To reach $800MM in revenue we assume 2.1% y/y revenue growth on the base business for 2H’05, so far in 1H’05 revenues have been up 13.5% y/y. We also assume run-rate revenue of $250MM for the Freeport plant, per management’s guidance. This gets you to pro-forma FY’05 revenue of $748MM. We then model just under a 7% increase in top line for FY’06 to reflect likely price increases.

We are also modeling a significant increase in FY’06 SG&A expense and margin to $60MM and 7.5% respectively, up from $32.5MM and 6.6% LTM. The new union contract that will apply to Freeport and Des Moines will likely be at modestly higher wages than under the current Des Moines contract. We think accounting for such a large increase in SG&A expense is overly conservative. Titan has about 600 employees at Des Moines, about 1,200 at Quincy, and will have 500 in Freeport. This implies an 85% increase in SG&A for a 28% increase in headcount.

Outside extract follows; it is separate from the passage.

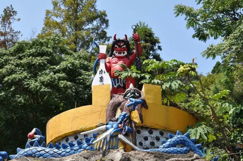 「海地獄」や「鬼石坊主地獄」から車で約3分、徒歩約8分のところにあります。鬼の像が印象的な「かまど地獄」は、高温の温泉が噴気とともに湧き出ています!

As you can see above, capital expenditures are extremely low running at less than 1% of sales for FY’04 and LTM. Titan direct expenses much of what could be considered maintenance capex. In addition, they own a lot of spare equipment and parts from shuttered facilities that they use for replacements and repairs in their plants that are operating.

Valuation
$257MM: Mkt. Cap with 19.5mm shares out
$215MM: Pro-forma debt (currently $115MM)
$472MM: TEV
$77MM: 50% of cashable asset value
$395MM: Adjusted TEV

After accounting for the aforementioned conservative appraisal of cashable asset values of $77MM, TWI shares currently trade at 4.8x EBITDA. Even without acquisitions or growth, the current valuation looks cheap. At 7x FY06E EBITDA of $85MM, the stock would trade at $23-24. A $23-24 price would have the stock valued at 14.1x earnings with a 9% FCF yield. If Titan can achieve its longer-term goal of $1B in revenue, at LTM EBITDA margins of 12.5% and a 7x multiple, the stock would trade for $37. These valuation scenarios provide bookends for the potential upside on this sleepy industrial.

Management
Morry Taylor (60), nicknamed ‘the Grizz’, is the CEO and Chairman of the Company and owns 1.87MM shares or 9.6% of shares outstanding. Taylor started off as a die maker and has spent his career in manufacturing. He is not a wall-street polished CEO, nor would he ever aim to be. Your first conference call with him will undoubtedly involve curse words and war metaphors. In addition, he plans to spend a few hours working every manufacturing job alongside the employees at the Freeport plant upon taking control. He is somewhat controversial for his hard-line stance with the unions during the strike, a period in which TWI’s stock price declined to below a dollar. However, his principles in negotiating with organized labor and customers that dwarf him in size, have kept Titan’s cost structure inline and its margins intact. Without this unique but effective management, Titan would probably have ended up like so many manufacturers – saddled with a burdensome cost structure and thin margins, leading to bankruptcy and the loss of another 1,800 jobs in the mid-west. Instead, Titan is in a position to create additional value, grow the business, acquire factories, and preserve jobs.

Risks
- Goodyear deal falls through.
- Significant downturn in the agriculture market. TWI will have increased exposure to this industry post-Goodyear acquisition.
- TWI’s customers are more aggressive and successful at sourcing higher-volume SKUs overseas.
- Titan is somewhat dependant on Morry Taylor.

Catalyst

- Goodyear transaction closing.
- Additional acquisitions of assets at low valuations.
- Union contracts spanning the rest of the decade.